DATA SHOWN.

^^^^

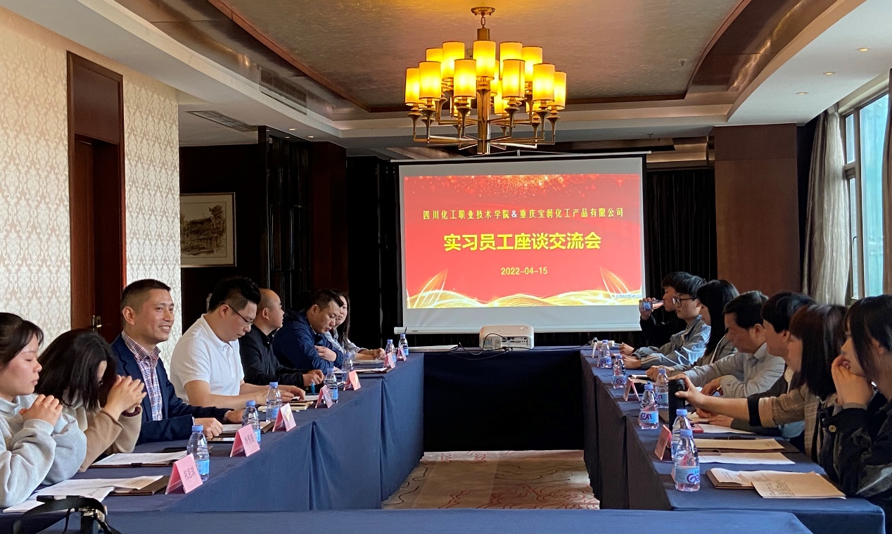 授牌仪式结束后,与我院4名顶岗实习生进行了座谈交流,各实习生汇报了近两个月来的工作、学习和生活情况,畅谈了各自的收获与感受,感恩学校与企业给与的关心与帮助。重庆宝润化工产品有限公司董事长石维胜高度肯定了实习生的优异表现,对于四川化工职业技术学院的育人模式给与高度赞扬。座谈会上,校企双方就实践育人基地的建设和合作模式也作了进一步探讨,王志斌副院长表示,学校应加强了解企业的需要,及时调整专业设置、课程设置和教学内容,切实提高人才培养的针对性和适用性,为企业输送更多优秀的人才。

^^^^

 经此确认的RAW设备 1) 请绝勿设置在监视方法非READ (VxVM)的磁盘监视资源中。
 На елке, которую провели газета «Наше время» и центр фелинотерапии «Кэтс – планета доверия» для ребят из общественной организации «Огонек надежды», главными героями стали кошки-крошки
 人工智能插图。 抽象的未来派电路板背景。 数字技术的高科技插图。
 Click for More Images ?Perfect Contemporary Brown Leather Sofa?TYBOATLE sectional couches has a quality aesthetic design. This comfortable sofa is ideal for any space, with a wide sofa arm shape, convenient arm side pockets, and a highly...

^^^^

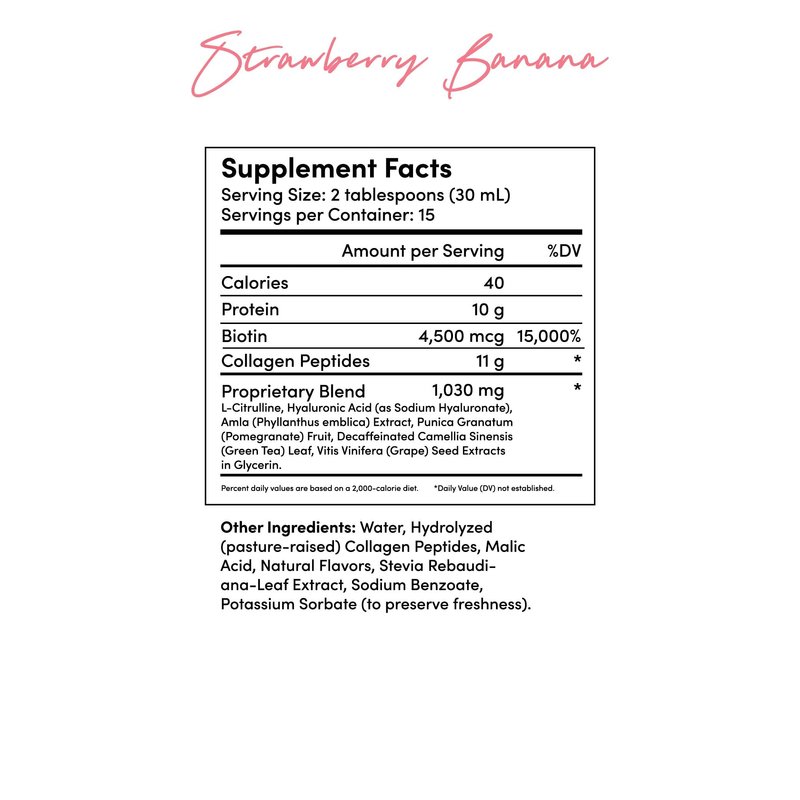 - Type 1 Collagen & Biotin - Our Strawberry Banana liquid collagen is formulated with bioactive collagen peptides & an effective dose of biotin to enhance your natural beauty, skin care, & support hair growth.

^^^^

PROBLEM TO WORK ON. Give only the lines from the one holding "经此确认的RAW设备 1) 请绝勿设置在监视方法非READ" through the one holding "人工智能插图。 抽象的未来派电路板背景。 数字技术的高科技插图。", each restated exactly as it appears above.

FINAL ANSWER.
 经此确认的RAW设备 1) 请绝勿设置在监视方法非READ (VxVM)的磁盘监视资源中。
 На елке, которую провели газета «Наше время» и центр фелинотерапии «Кэтс – планета доверия» для ребят из общественной организации «Огонек надежды», главными героями стали кошки-крошки
 人工智能插图。 抽象的未来派电路板背景。 数字技术的高科技插图。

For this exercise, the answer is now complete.